## INFORMATION GIVEN
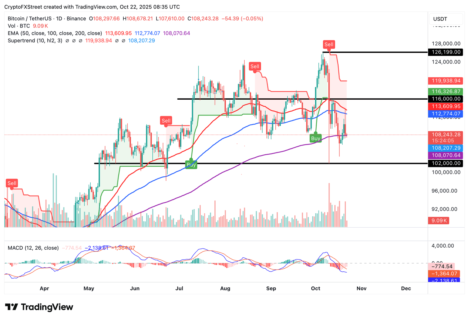 Los indicadores de Convergencia/Divergencia de Medias Móviles (MACD) y SuperTrend destacan una estructura técnica bajista, aumentando las probabilidades de extender la caída hacia los mínimos de octubre de BTC de 102.000$.
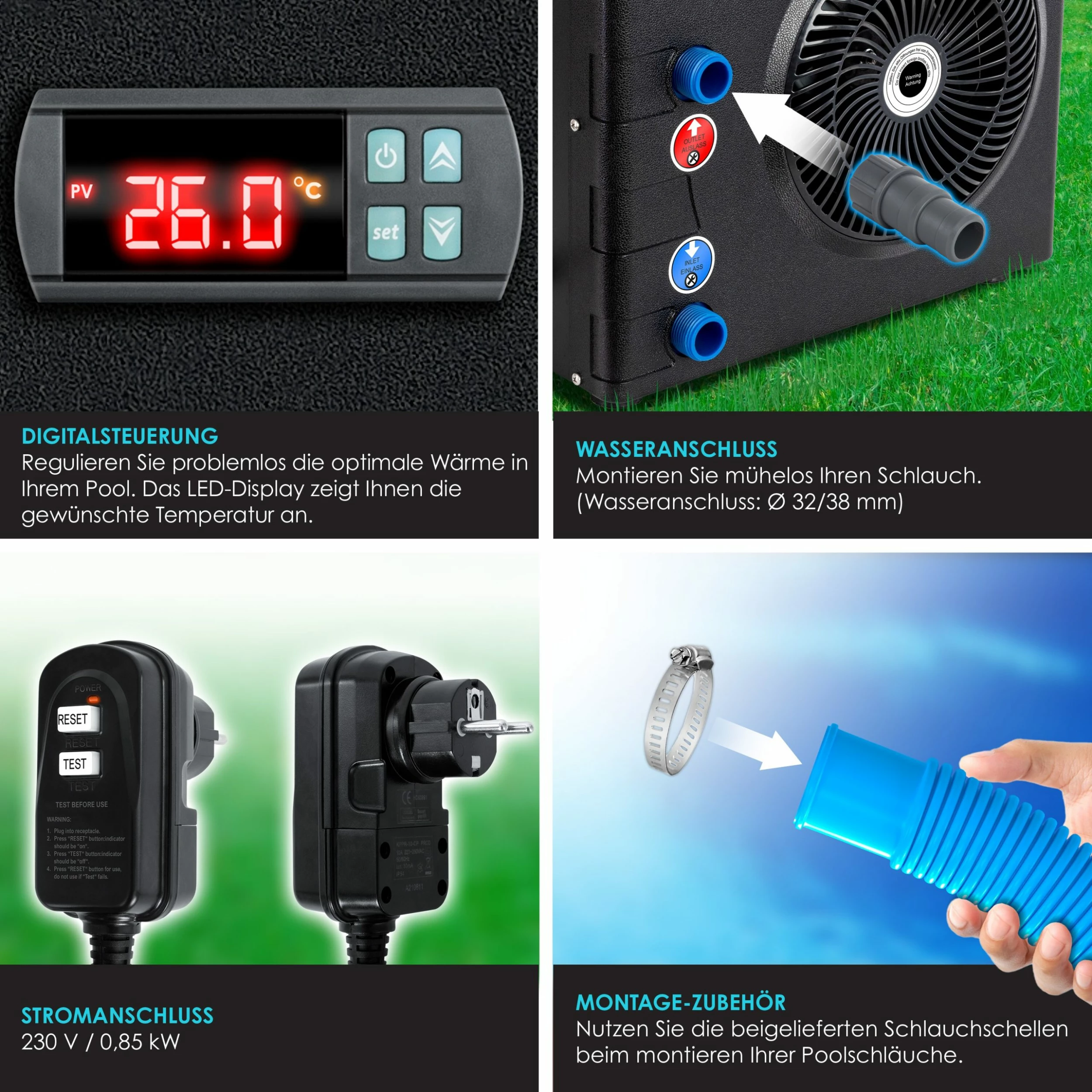 Die Montage ist einfach und unkompliziert durchzuführen. Montieren Sie einfach mühelos Ihren Poolschlauch an unserem Wasseranschluss, welcher einen Durchmesser von 32/38mm hat. Zusätzlich können Sie die mitgelieferten Schlauchschellen bei der Montage Ihrer Poolschläuche verwenden, damit diese fest und stabil sitzen. Dank der Aufkleber an der Wärmepumpe ist ein schneller Anschluss des Geräts garantiert und einem warmen Pool stehts nichts mehr im Wege. Dank integrierten Griffen lässt sich die Wärmepumpe einfach an jeden Ort transportieren.
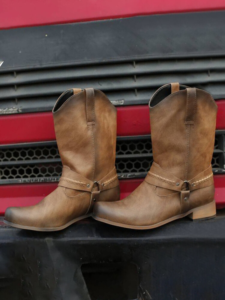 Men High Top Metal Buckle Square Toe Cow Boy Boots
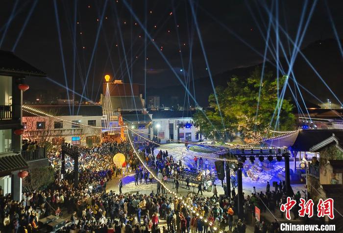賴聲川歷時(shí)多年在家鄉(xiāng)江西會(huì)昌打造的會(huì)昌戲劇小鎮(zhèn)開幕,燈光秀現(xiàn)場(chǎng)人氣爆棚。(受訪者供圖)
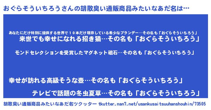| 男性向けラノベタイトル風あだ名 | 『おぐらそういちろうに滅ぼされるだけの簡単なお仕事です』 |
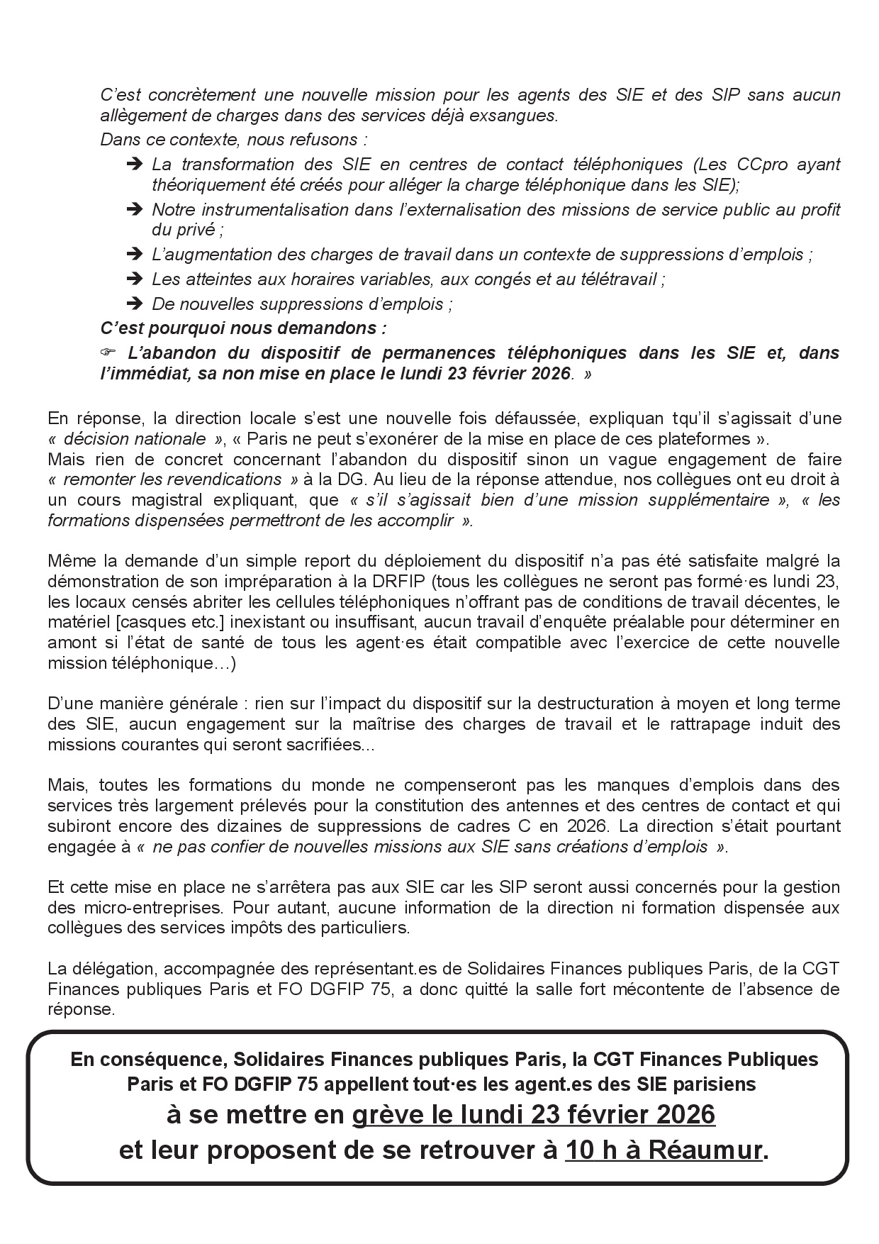 CSAR du 16 février 2026 : Notre déclaration liminaire
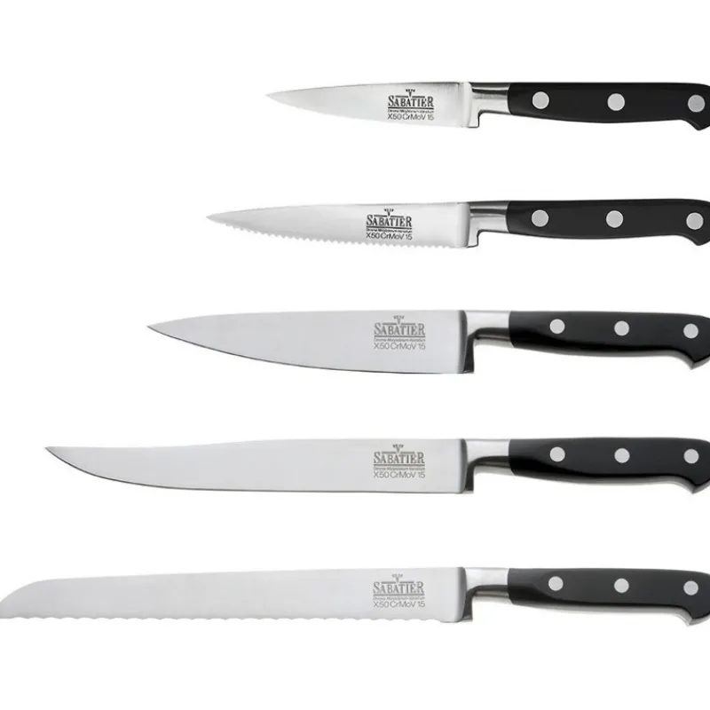 - Manche des couteaux en ABS noir, fixés par 3 rivets
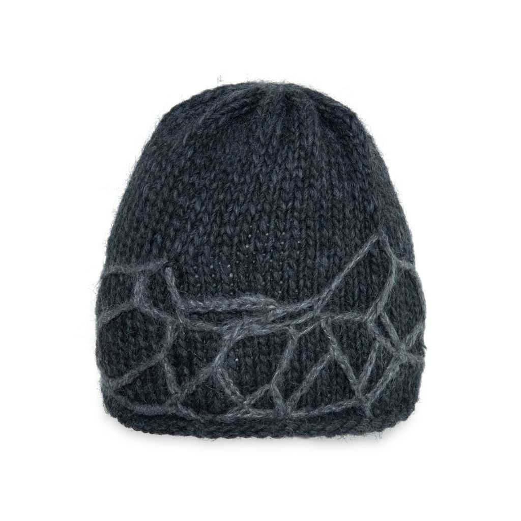 Distressed Beanie in Dark Grey is a carefully knitted beanie with crocheted distressing pattern as the brim, a signature of String of Kisses.
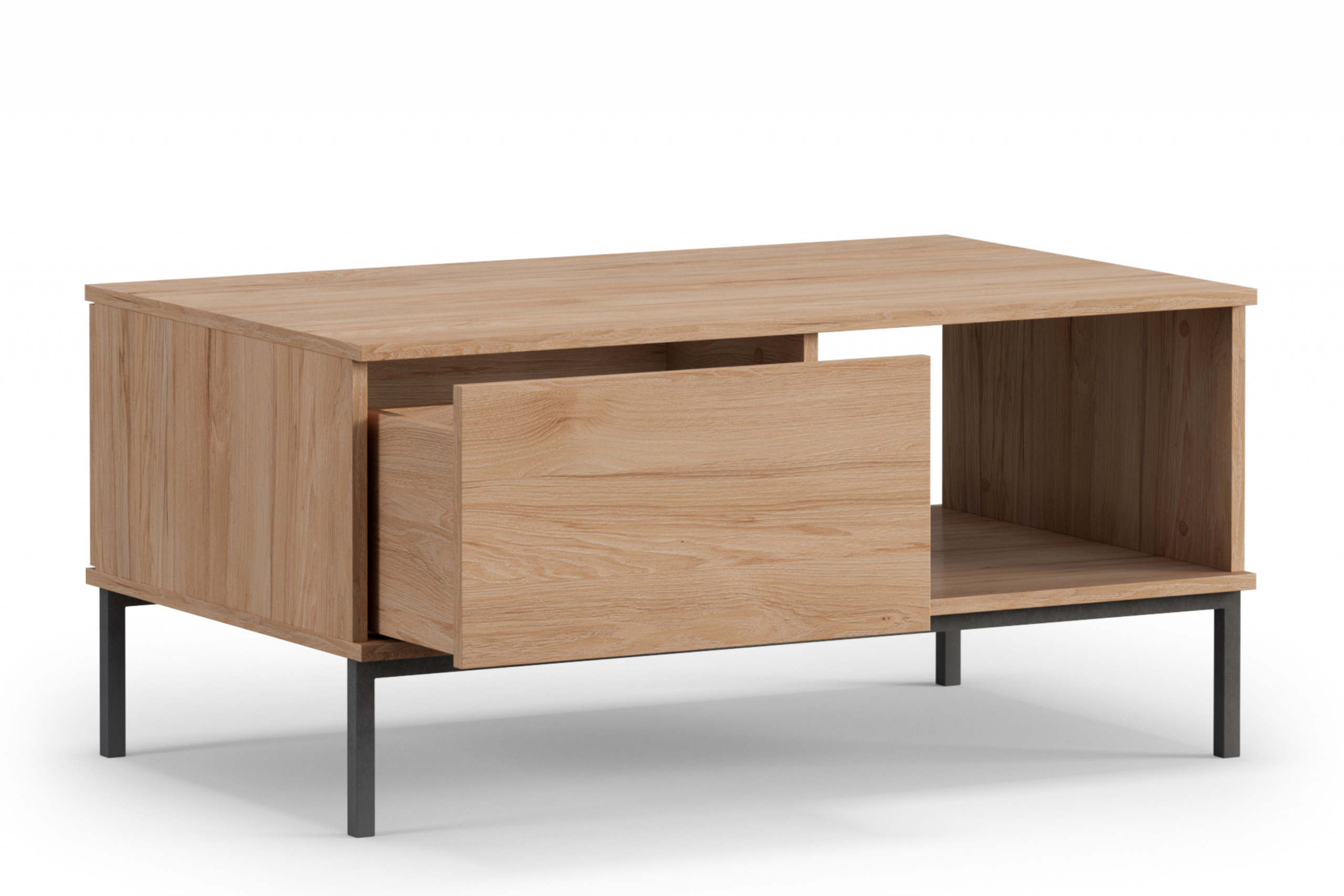 Der hickory Couchtisch auf Beinen für das Wohnzimmer ist ein sehr funktionales Möbelstück. Die glatte Tischplatte, das Fehlen von Griffen, die Push-to-Open-Methode machen ihn geeignet für große und kleine Räume, die keine zusätzliche Dekoration benötigen. Es reicht, den entsprechenden Bereich an der Vorderseite der Schublade zu drücken, um sie zu öffnen oder zu schließen.

## ASSIGNED TASK
Return the lines above from the one with "CSAR du 16 février" through the one with "Distressed Beanie in", verbatim and nothing else. Omit every picture.

## EXPECTED OUTPUT
 CSAR du 16 février 2026 : Notre déclaration liminaire
 - Manche des couteaux en ABS noir, fixés par 3 rivets
 Distressed Beanie in Dark Grey is a carefully knitted beanie with crocheted distressing pattern as the brim, a signature of String of Kisses.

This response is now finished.